Solar energy users have quadrupled in number throughout Florida over the past half-decade, and Duke Energy of St. Petersburg takes pride in enabling both consumers and the environment to benefit from choosing sustainable resources.
The Perry Solar Facility, the utility’s newest solar plant in Taylor County, extends the length and width of 17 football fields and produces 5 megawatts of universal solar energy — equal to approximately 200 residential-sized rooftop systems.
It is the second in a series of sites planned to gradually increase Floridians’ use of solar power, with expectations of yielding 35 megawatts by 2018 and possibly 500 megawatts by 2024.

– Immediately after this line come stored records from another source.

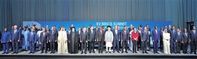 当地时间8月24日上午,国家主席习近平在约翰内斯堡出席金砖国家同非洲国家及其他新兴市场和发展中国家领导人对话会。 会议由南非总统拉马福萨主持,巴西总统卢拉、印度总理莫迪、俄罗斯总统普京(线上)和60多位非洲国家及其他新兴市场和发展中国家领导人或代表,以及联合国秘书长古特雷斯、新开发银行行长罗塞夫等国际和地区组织负责人出席。这是与会领导人集体合影。 新华社记者 李学仁摄
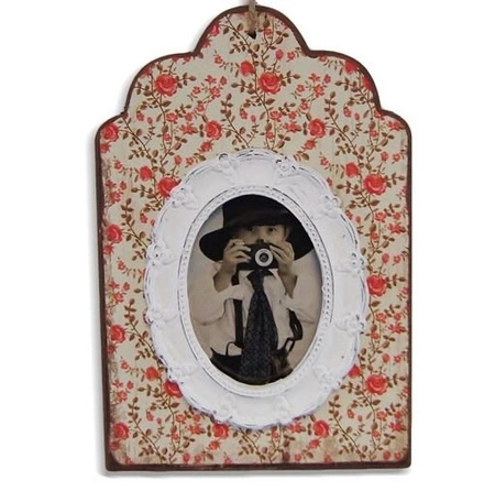 Nostalgiczna ramka do zdjęć w drobne różyczki.
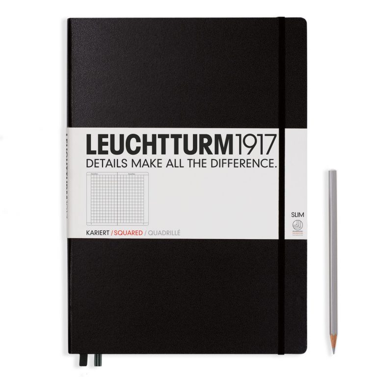 The slim alternative: our Master Slim. The Master Slim is also larger than A4 and can hold loose sheets between the pages and in the expandable pocket without the edges protruding. Furthermore, the Master Slim notebook features 100 g/m² paper. However, it only has 121 pages and is therefore 33% lighter than the Master Classic notebook. This means that the Master Slim is the ideal companion for all notebook-lovers who want to write in ink and always have their notebook to hand.

"We are proud of the investments we're making in Florida's solar development," Alex Glenn, Duke Energy state president-Florida, said. "With the cost of solar energy decreasing and panel efficiency advancing, building solar power plants like Perry is part of our ongoing strategy to offer cleaner, smarter energy solutions that customers value."

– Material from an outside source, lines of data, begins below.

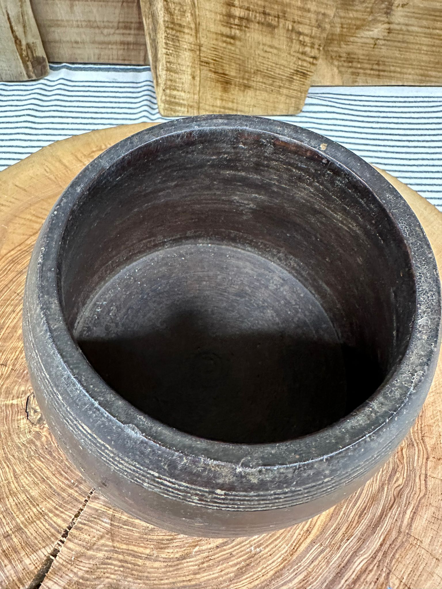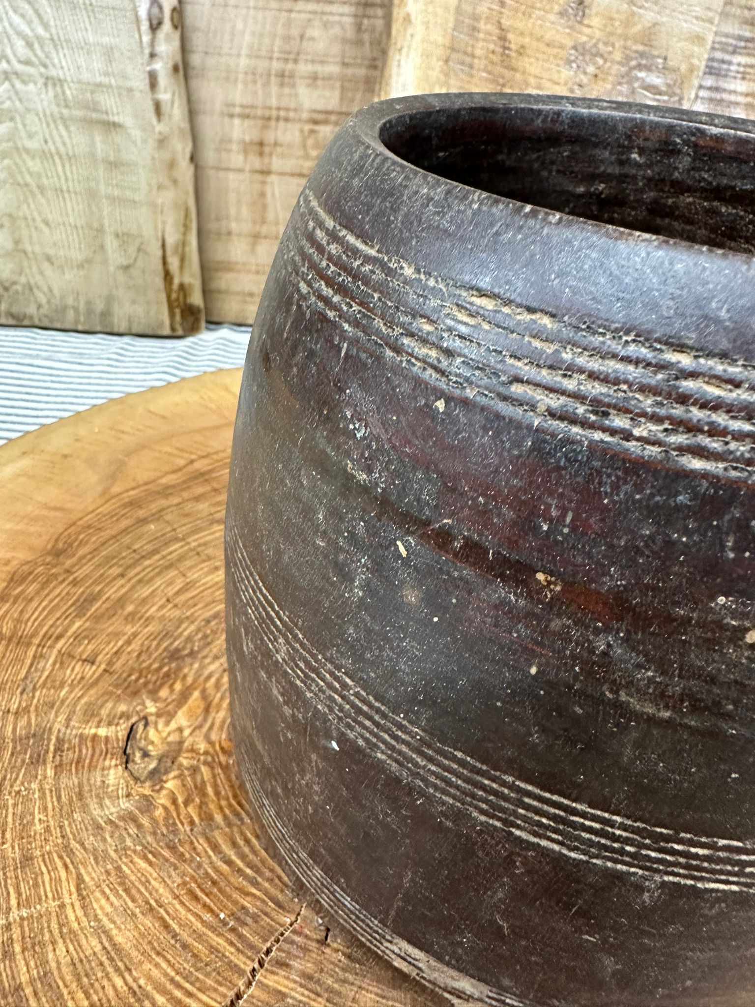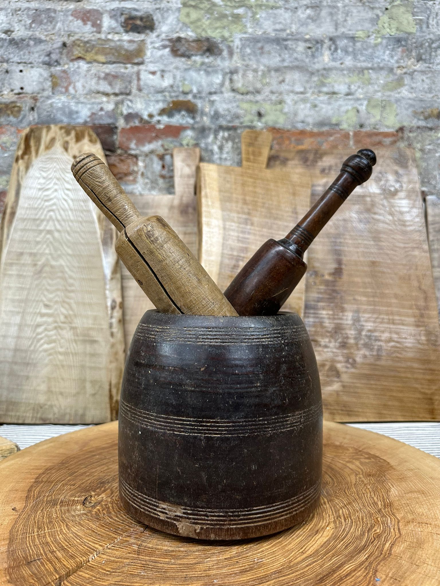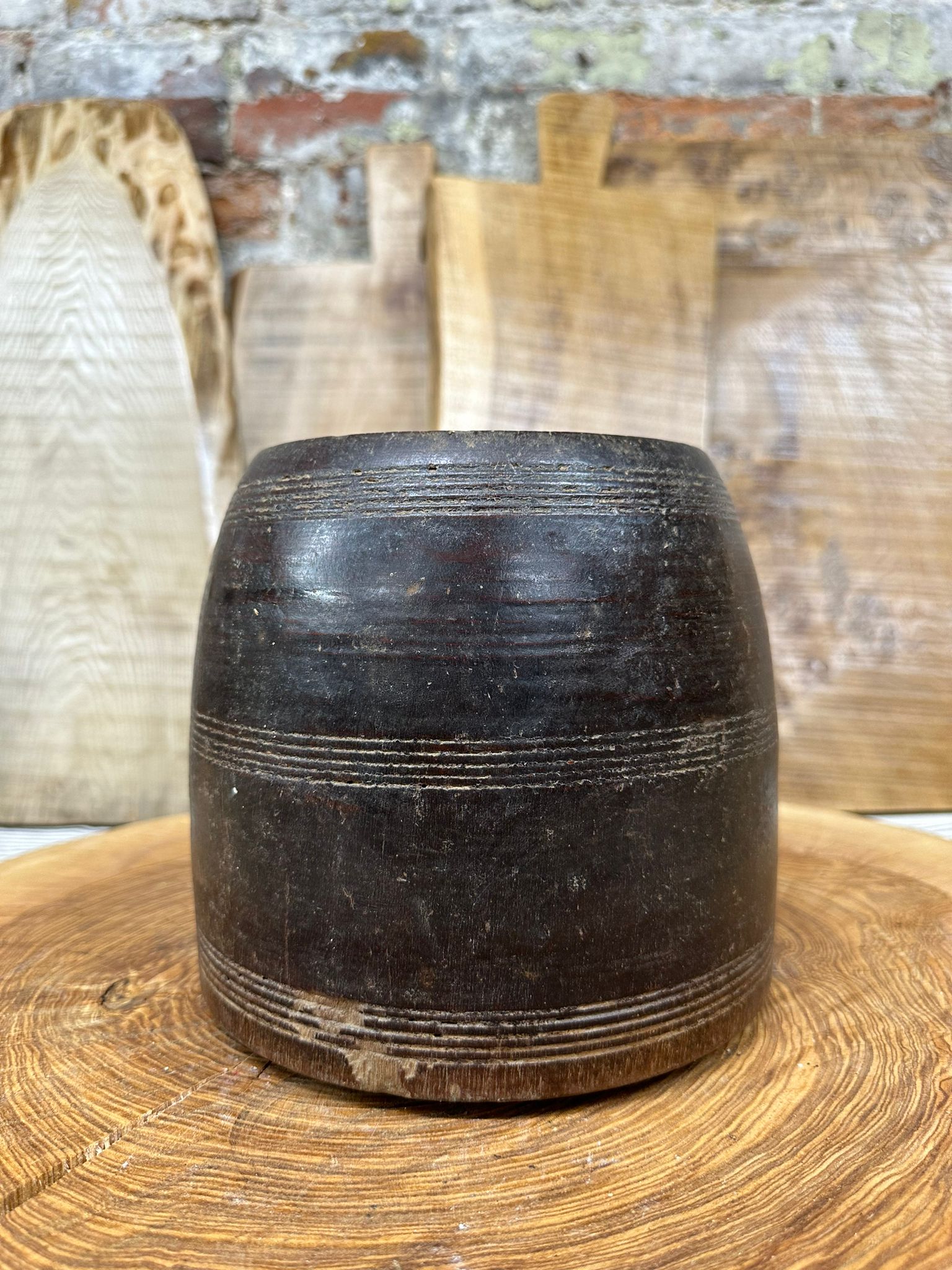 This old handmade wooden storage pot has been sourced from India and is perfect for keeping your kitchen organised. Could be used as storage space for your herbs, plants, stationary or cutlery.
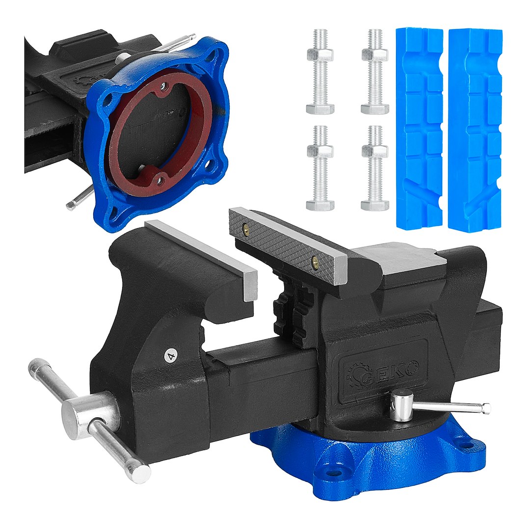 Imadło ślusarskie z mechanizmem obrotu 360° przeznaczone do stałego montażu na stole warsztatowym. Korpus z odlewu żeliwnego, hartowane szczęki o szerokości 150 mm oraz śruba trapezowa ze stali węglowej zapewniają trwałość i stabilność podczas intensywnych prac metalowych, montażowych i serwisowych.
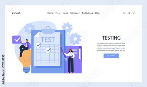 Экологический векторный шаблон веб-сайта, дизайн веб-страницы и целевой страницы для разработки веб-сайтов и мобильных сайтов. Крошечные люди собирают, сортируют и выбрасывают мусор в большие разноцветные мусорные баки.
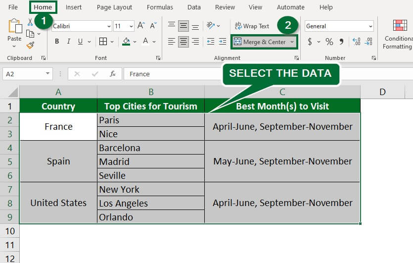 Step 2: Go to the “Home” tab > Alignment group, and click “Merge & Center“, as shown below.
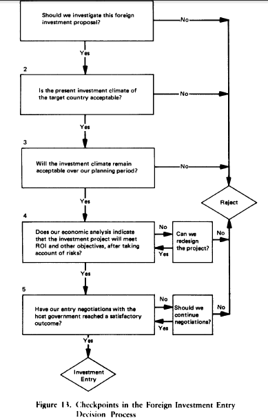 The investment entry decision process involves several subdecisions taken over a lengthy period of time, with multiple feedbacks that stimulate the reconsideration of earlier decisions. Figure 13 seeks to structure this complex decision process by means of a sequence of checkpoints that must be passed if an investment proposal is to gain acceptance.
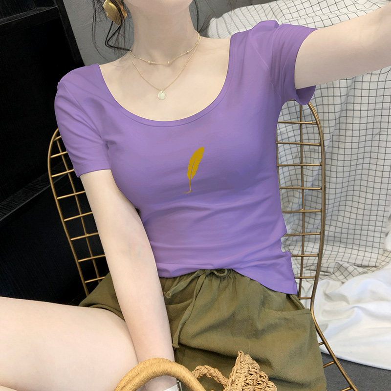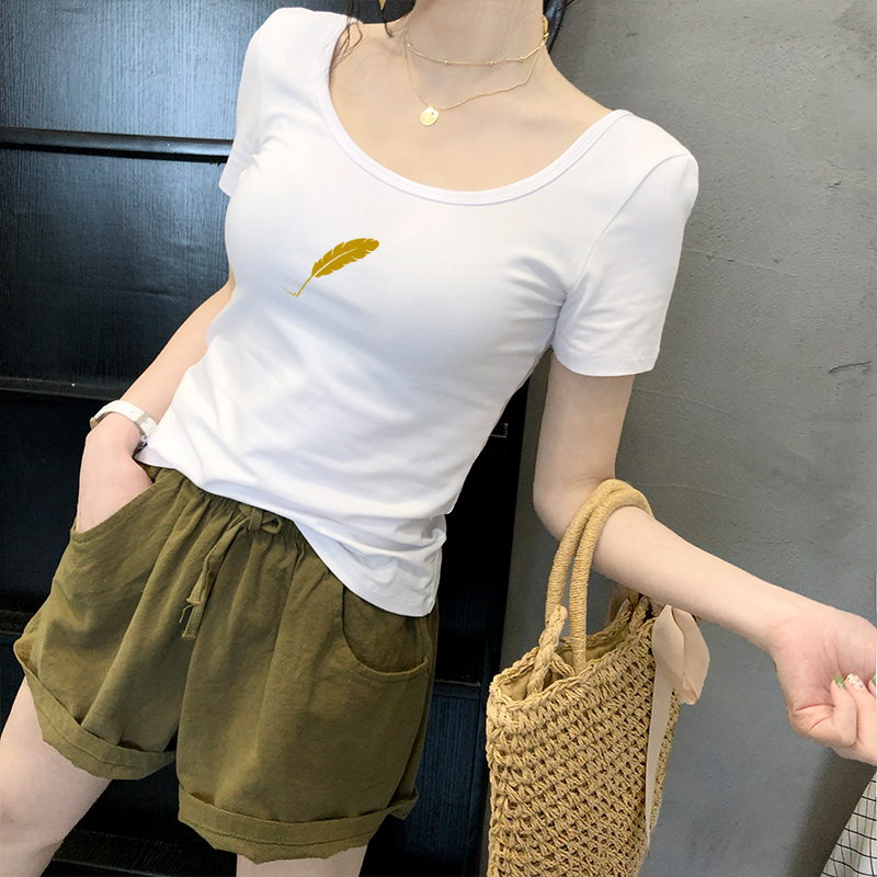 White T-shirt short sleeve low-collar tight tights U-collar cotton-Korean edition slim, big collar half-sleeved, half-sleeved

The company’s comparable Osceola Solar Facility, in operation since May, provides close to 4 megawatts of solar energy through 15,000 panels. Altogether, the projects represent an efficient and economical start to a statewide pattern of transition to clean energy.
Duke Energy Florida’s regional office reported that it is currently installing private solar systems for over 90 residential and business customers monthly. Duke Energy as a whole, headquartered in Charlotte, North Carolina, has devoted over $4 billion to wind and solar facility investments in 12 states including Florida.